Мать умела радоваться жизни, и в этом она была полной противоположностью отцу.
Отец был человеком скорее меланхолического склада души.
Кстати говоря, вторая отцова жена обладала сполна такой же жизнерадостностью, таким же брызжущим жизнелюбием, что и мать. И тем не менее, они были совершенно, просто-таки непримиримо разные. В том смысле, что вторая отцова жена радовалась радостям жизни, а мать — самой жизни, жизни как таковой.
Очень даже может быть, что отец любил именно этих двух женщин — а в том, что он любил и одну и другую, сомневаться не приходится, — как раз за это, общее им обеим, радостное мироощущение. И вероятнее всего потому, что ему самому его недоставало.

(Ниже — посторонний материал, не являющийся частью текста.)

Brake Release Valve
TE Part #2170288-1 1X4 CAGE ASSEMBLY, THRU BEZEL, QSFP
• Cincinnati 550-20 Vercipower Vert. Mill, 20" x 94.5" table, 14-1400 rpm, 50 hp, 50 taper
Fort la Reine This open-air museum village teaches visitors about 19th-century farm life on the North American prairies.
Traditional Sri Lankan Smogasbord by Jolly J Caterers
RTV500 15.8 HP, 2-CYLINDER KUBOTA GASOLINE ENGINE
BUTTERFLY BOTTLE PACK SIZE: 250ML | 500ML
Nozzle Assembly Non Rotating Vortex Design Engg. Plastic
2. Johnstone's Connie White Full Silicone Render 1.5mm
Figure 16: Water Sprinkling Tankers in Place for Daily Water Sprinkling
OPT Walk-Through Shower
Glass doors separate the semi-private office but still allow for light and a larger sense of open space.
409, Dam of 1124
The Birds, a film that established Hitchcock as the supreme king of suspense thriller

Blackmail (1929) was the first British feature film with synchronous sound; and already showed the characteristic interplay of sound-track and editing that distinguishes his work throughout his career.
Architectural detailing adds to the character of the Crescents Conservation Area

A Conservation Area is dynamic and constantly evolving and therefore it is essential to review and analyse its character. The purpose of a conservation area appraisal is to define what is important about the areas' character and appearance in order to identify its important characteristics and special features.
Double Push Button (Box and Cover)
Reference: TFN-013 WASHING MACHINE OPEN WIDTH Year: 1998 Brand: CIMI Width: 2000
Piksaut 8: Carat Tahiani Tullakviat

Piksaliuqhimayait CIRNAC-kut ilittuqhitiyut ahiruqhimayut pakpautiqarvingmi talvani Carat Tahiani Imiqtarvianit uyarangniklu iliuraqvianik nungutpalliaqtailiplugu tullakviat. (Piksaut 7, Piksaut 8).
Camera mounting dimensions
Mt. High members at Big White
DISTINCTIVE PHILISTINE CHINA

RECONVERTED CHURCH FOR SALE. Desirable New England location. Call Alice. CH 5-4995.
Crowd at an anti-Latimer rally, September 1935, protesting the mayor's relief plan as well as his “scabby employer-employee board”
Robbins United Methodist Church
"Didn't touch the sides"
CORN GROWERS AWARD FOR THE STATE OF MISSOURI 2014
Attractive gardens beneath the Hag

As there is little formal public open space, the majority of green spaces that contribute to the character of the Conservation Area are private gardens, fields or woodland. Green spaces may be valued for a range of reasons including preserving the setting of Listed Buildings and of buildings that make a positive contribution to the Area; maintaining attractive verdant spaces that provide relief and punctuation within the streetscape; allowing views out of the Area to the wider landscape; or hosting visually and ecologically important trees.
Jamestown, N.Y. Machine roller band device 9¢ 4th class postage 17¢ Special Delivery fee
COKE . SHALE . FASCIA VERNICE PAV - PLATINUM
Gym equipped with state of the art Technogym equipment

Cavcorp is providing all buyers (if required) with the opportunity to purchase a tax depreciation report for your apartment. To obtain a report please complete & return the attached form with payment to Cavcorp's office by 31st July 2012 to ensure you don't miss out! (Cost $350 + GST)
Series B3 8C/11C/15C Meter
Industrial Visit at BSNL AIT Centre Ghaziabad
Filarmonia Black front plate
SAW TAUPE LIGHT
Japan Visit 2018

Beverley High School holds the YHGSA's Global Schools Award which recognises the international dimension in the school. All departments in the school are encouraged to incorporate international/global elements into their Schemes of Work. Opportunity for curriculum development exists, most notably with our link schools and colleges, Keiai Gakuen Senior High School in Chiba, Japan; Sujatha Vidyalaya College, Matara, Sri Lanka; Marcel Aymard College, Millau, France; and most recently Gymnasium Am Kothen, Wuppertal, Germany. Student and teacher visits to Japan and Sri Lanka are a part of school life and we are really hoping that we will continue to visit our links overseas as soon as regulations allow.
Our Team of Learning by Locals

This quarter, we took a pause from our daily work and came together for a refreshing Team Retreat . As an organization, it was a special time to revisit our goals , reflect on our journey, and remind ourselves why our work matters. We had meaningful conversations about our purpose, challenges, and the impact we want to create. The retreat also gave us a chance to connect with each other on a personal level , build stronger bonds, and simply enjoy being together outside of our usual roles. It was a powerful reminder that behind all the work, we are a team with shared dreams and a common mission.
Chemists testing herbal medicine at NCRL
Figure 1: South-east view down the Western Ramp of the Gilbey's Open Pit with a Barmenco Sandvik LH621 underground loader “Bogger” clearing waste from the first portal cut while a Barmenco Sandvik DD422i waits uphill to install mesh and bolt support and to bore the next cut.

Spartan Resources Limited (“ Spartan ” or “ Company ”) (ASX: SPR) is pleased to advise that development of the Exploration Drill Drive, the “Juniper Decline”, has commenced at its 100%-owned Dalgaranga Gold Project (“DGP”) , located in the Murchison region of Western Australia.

Отец был веселый, смешливый, легкий и даже легкомысленный человек, но при этом он постоянно и остро ощущал необратимый — всегда и неизменно в одну сторону! — ход времени, вечное его убывание, жил прошлым, сожалением о нем и вообще воспоминаниями больше, чем надеждами на еще несбывшееся. За всякой безмятежностью он с жесткостью рентгеновского луча видел печальное или, по крайней мере, повседневное ее, как он сам выражался, Зазеркалье.
Из этого, однако, вовсе не следует, что отец был, скажем, ипохондриком. Ничуть не бывало. Просто он, говоря опять же языком музыки, то есть языком его собственной юности, наряду с каждым чистым, полным звуком слышал его дальнее глухое эхо, вместе с каждым тоном — его обертон. Эту отцовскую черту очень точно выражают известные строки поэта: «мне грустно и легко, печаль моя светла». Отец с полным основанием мог бы подписаться под ними.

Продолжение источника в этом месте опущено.